Cantik yang selalu cantik.

Sudah berapa lama, ya? Ralita disini? Mungkin sekitar delapan bulan?

Waktu pertama kali saya dengar jika ternyata Ralita sakit. Demi apapun, dunia saya rasanya hancur sekali. Kenapa harus Ralita? Dari sekian banyak orang, kenapa harus Ralita? Kenapa harus dia?

Berkali-kali saya bertanya pada Tuhan. Kenapa harus perempuan saya yang Ia pilih?

Saya takut, takut sekali. Saya tidak ingin kehilangan Ralita untuk kesekian kalinya.

Saya belum sepenuhnya memberikan kebahagiaan untuk Ralita. Bahkan selama ini saya masih merasa kurang dalam segala hal. Tapi kenapa Ralita selalu bilang jika dicintai saya saja sudah cukup?

Untuk pertama kalinya, selama saya kenal Ralita. Baru kali ini saya lihat dia selalu menangis perihal dia yang katanya sudah tidak cantik lagi.

Ralita salah, dia salah.

Di mata saya dia tetap yang paling cantik.

Ralita itu cantik dan akan selalu menjadi cantik.

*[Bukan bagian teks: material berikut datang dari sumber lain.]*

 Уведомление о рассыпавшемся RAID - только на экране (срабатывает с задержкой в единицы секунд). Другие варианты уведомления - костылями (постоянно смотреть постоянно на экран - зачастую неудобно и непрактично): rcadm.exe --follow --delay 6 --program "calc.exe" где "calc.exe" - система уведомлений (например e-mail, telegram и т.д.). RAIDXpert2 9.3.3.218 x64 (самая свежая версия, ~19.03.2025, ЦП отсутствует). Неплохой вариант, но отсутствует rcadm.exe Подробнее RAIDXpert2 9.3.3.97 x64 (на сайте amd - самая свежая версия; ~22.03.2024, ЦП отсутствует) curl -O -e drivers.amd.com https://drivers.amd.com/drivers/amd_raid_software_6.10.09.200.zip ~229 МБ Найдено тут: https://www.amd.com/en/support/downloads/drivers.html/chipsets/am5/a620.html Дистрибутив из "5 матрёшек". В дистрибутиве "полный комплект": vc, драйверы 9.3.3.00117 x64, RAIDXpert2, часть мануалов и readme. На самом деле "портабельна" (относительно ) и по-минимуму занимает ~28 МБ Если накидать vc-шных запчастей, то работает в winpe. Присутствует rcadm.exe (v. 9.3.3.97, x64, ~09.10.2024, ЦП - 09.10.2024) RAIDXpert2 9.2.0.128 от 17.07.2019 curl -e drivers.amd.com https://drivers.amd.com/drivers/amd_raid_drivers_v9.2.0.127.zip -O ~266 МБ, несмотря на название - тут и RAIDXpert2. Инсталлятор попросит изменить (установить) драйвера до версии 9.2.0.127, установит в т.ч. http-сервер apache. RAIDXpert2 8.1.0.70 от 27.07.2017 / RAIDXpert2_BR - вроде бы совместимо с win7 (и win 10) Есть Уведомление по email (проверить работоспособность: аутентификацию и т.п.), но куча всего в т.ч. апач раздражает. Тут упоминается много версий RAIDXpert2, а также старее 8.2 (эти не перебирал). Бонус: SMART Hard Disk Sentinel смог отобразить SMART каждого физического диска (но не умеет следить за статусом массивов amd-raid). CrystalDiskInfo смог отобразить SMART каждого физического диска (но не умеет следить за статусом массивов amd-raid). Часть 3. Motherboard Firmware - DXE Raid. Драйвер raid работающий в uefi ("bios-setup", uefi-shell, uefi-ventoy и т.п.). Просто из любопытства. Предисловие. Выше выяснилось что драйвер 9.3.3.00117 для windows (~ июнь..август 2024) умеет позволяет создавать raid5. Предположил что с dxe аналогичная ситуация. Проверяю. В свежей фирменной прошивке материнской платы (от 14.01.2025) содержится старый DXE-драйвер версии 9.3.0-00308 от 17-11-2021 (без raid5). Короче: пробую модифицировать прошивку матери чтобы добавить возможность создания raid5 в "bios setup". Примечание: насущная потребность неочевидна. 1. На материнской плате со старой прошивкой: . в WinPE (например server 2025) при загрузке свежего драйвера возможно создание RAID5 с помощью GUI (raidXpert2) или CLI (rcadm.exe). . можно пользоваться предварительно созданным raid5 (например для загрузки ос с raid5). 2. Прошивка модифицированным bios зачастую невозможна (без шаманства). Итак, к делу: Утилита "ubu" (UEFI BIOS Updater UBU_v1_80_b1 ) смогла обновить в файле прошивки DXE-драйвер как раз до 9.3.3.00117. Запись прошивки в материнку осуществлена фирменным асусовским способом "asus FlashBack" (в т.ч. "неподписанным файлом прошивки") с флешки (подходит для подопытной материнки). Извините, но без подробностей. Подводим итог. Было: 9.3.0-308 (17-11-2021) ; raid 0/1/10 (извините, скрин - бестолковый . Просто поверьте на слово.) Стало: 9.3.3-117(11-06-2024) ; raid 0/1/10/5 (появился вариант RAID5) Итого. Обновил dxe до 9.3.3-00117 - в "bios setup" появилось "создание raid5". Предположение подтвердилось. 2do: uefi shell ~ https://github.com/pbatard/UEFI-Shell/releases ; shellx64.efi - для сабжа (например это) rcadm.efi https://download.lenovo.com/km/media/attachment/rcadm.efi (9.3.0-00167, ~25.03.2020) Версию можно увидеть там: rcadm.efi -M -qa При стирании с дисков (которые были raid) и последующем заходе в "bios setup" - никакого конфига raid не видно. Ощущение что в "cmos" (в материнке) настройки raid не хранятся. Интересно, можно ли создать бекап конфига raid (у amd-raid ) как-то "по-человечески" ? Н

Saya benci ketika dia menyalahkan dirinya sendiri perihal ia yang sudah idak seperti dulu. Saya benci itu.

Berkali-kali dia meminta maaf pada saya perihal ia yang tidak sehat. Berkali-kali juga ia meminta maaf pada saya sebab katanya, sekarang tubuhnya sudah tidak secantik dulu.

Tapi Ralita salah.

Bagi saya, dia selamanya akan menjadi cantik. Saya tidak peduli tentang fisik yang sudah berubah. Saya hanya ingin Ralita terus bersama saya.

Demi apapun. Jika saja bisa, saya ingin meminta pada Tuhan agar semua rasa sakit Ralita itu berpindah pada saya. Saya rela, saya rela menggantikan semua rasa sakit Ralita. Asalkan ia tersenyum.

Hati saya sakit sekali, saat saya melihat dia yang selalu tersenyum pada saya.

Saya harus apa?

Apalagi yang harus saya lakukan untuk Ralita?

Saya tidak ingin apapun. Saya hanya ingin hidup lebih lama lagi bersama perempuan saya.

Setiap hari. Saya ketakutan setiap hari sebab saya takut jika tiba-tiba saja Ralita meninggalkan saya.

Ralita.

Kalau bukan sama kamu dan anak-anak, saya harus hidup bahagia bagaimana lagi? Saya takut.